Enfin, on notera le faible écho rencontré aussi bien auprès des chefs d’entreprise que des salariés sur certaines mesures plus sociales. Ainsi, la création de 500 000 emplois pour les jeunes subventionnés en partie par l’Etat est accueillie avec scepticisme par les salariés (47% la jugent souhaitable mais pas réaliste), seuls 38% indiquant la trouver souhaitable et réaliste. Les chefs d’entreprise sont partagés entre hostilité (25% ne jugent pas cela souhaitable), scepticisme (34% considèrent que c’est souhaitable mais pas réaliste) mais aussi adhésion (37% considèrent que c’est une proposition qui est souhaitable). Dans les deux cas, la proposition arrive toutefois en queue de hiérarchie. Quant à la dernière place, elle est occupée pour les deux populations par l’augmentation rapide du SMIC à 1500 €, jugée souhaitable et réaliste par seulement 20% des chefs d’entreprise (35% y sont hostiles et 41% sont sceptiques sur son caractère réaliste), mais aussi une faible proportion de salariés (28%), la majorité n’y croyant guère (54% estiment que ce n’est pas réaliste) et 16% ne jugeant pas cela souhaitable. Il est probable que la plupart des salariés ne se sentent pas concernés, ou estiment que cette solution ne leur permettra pas réellement d’améliorer leur pouvoir d’achat.


Fiche technique :

Enquête effectuée pour : L’Institut MANPOWER en partenariat avec LCI et Les Echos

Dates du terrain : du 23 février au 5 mars 2007 (salariés), du 1er au 7 mars 2007 (chefs d’entreprise).

LES SALARIES: 935 salariés du secteur privé et du public issus d’un échantillon représentatif de la population française (méthode des  quotas : sexe, âge, profession du chef de famille, région, catégorie d’agglomération). Echantillon interrogé par téléphone.

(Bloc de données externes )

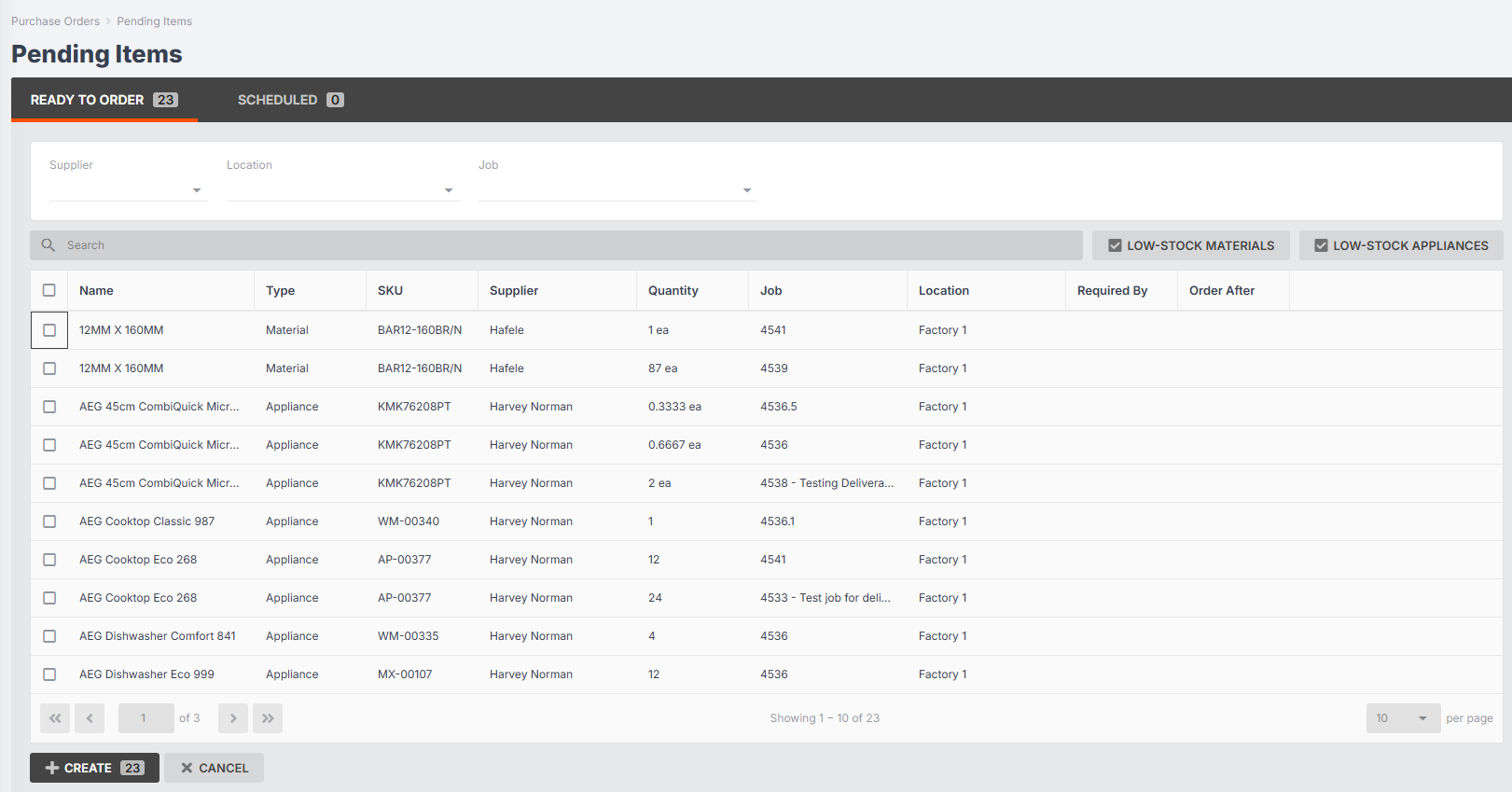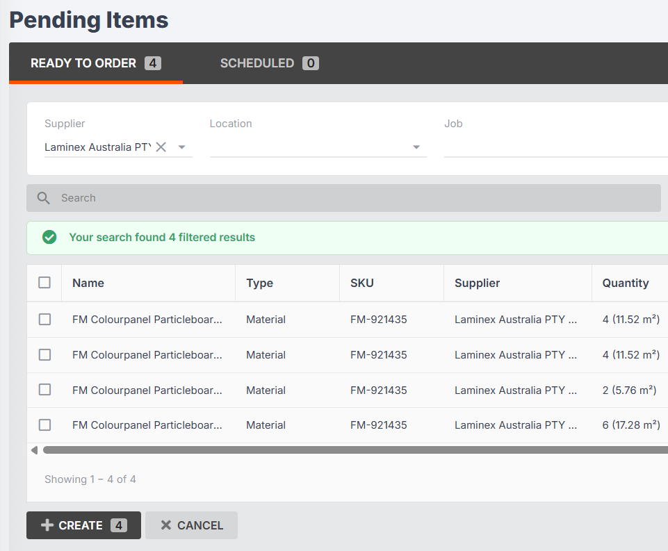 - When you have filtered your materials by a specific supplier, you can click Create to generate a purchase order.
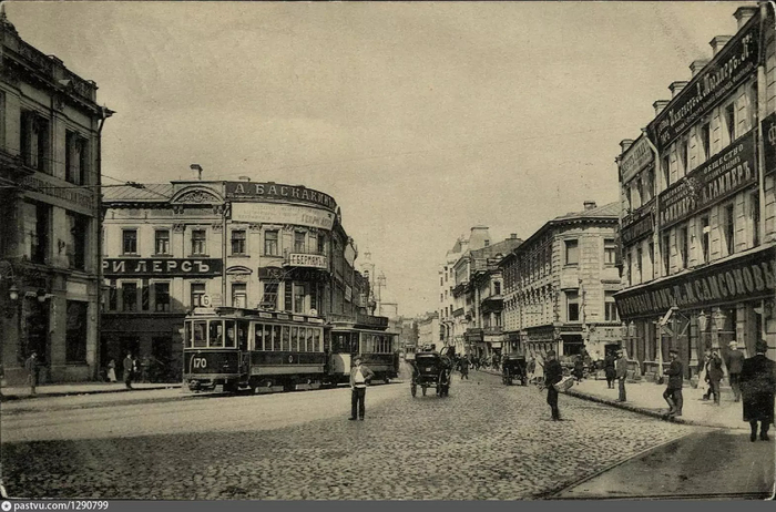 Мясницкая улица от Бульварного кольца в сторону Садового, 1910-1914. Автор фото: А.А. Губарев. С сайта www.pastvu.com.

LES CHEFS D’ENTREPRISE: 402 dirigeants d’entreprise. L’échantillon a été raisonné pour disposer non seulement de dirigeants de petites structures (1 à 9 salariés), de structures moyennes (10 à 49 salariés et 50 à 199) ou importantes (200 salariés et plus). Lors du traitement des résultats, chaque catégorie a été remise à son poids  réel afin d’assurer la représentativité des résultats. Echantillon interrogé par téléphone.